I believe these restorations make an important difference. After all, Ruddigore is not as familiar to audiences today, as is, say, The Mikado. We’d all literally startle at a performance of the original sequence of songs in the premiere of Mikado. But Ruddigore, less familiar, carries fewer expectations and therefore, for the listener, allows more flexibility. In April of 2004, the Troupers Light Opera of Stamford staged the original version of Ruddigore to very positive reviews, as much for the restored balance as for the performance. The production was under the direction of Gayden Wren, author of the insightful A Most Ingenious Paradox: The Art of Gilbert and Sullivan (Oxford University Press). This and other source material are listed on OperaMetro under Further reading...

The New Sadler’s Wells Opera 1987 2 CD release on JAY Records of the reconstruction is a credible performance. Gordon Sandison is a formal Robin Oakapple; David Hillman has his shaky moments as Richard Dauntless. Marilyn Hill Smith is a little edgy as Rose Maybud. Thomas Lawler (Sir Roderic Murgatroyd) and Harold Innocent (Sir Despard Murgatroyd) are particularly effective in the lower roles. Joan Davies is a commanding Dame Hannah; Linda Ormiston is a fey Mad Margaret. Simon Phipps conducts a very lively reading of Sullivan’s score with the New Sadler’s Wells Opera Chorus and Orchestra.

The early 1980s BBC made-for-TV series of the G & S operas, released these days on Acorn Media DVDs, has highs and lows. Praise comes easily for some of the singers and for some of the productions, certainly for Alexander Faris leading the Ambrosian Opera Chorus and the London Symphony Orchestra. But there are weak moments to be sure.

BBC television production of Ruddigore from mid 1980s (libretto cover)

BBC television production of Ruddigore from mid 1980s (libretto cover)

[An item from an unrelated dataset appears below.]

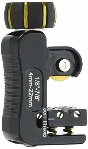 ・ TA560SM・適合銅管外径:3/16~7/8(4.76~22.23mm)・全長:75.5mm・標準装着刃・□スプリング内蔵で、ハンドルを増し締めせずに銅管を切断可能。・ハンドル側から刃を送りだすので使いやすいです。スマートミニチューブカッター。 一般的なミニチューブカッターと違い、普通サイズのチューブカッター同様、ハンドル側から刃を送り出すのでとても使いやすいです。

The Ruddigore of the series features some great artists: D’Oyly Carte’s Donald Adams sings Sir Roderic, though the impact of his “Ghost’s High Noon” song is compromised by silly visuals; Ann Howard, a star of the English National Opera, is Mad Margaret, happily left to her own dramatic devices; and John Treleaven, soon to be a Wagnerian tenor, is a robust Richard Dauntless. Sandra Dugdale sings well enough as Rose Maybud. Rose is always something of an enigma. Sometimes she seems sincere with a good heart, sometimes she’s just clueless and confused. But Dugdale acquits herself well in this as she does as Patience, Casilda, and Celia in other operas of the series. Johanna Peters is stolid Dame Hannah.

Actors/singers otherwise famous from film, TV, and stage were cast probably to give contemporary audiences a few names and faces they could ‘relate’ to, a ‘draw,’ so to speak. But 32 years later the names are not nearly a draw, certainly not for G & S newcomers from subsequent generations. Worse, these guest artists, out of their element, are often a drawback. Keith Michell, who gained attention in the States as Henry VIII in the series Henry VIII and his Six Wives (and perhaps also through a few episodes of Murder She Wrote) is Robin Oakapple. He clearly thinks he is amusing; your call on whether you find him so. And then there is Vincent Price, star of many a hoary old horror film. Sir Despard is a somber, evil character by the script, but Price here is more like one’s elderly uncle, who used to dabble in the theater and still powders himself, up to visit the old homestead from his retirement village down south.

Director Barrie Gavin ‘solves’ the problem of stage restrictions with cartoonish superimpositions; the finale of Act I has the Bucks and the Blades behaving in ways that, to me, are at odds with the feel of the music. One imagines a proper William S. Gilbert rolling in his grave. Nothing really your children shouldn’t see, but nothing they should.

My advice: if you want to see Ruddigore done well, come to the NYGASP production in November. Dates and times of these performances are listed in the NYGASP preview on the page Gilbert and Sullivan. Enjoy.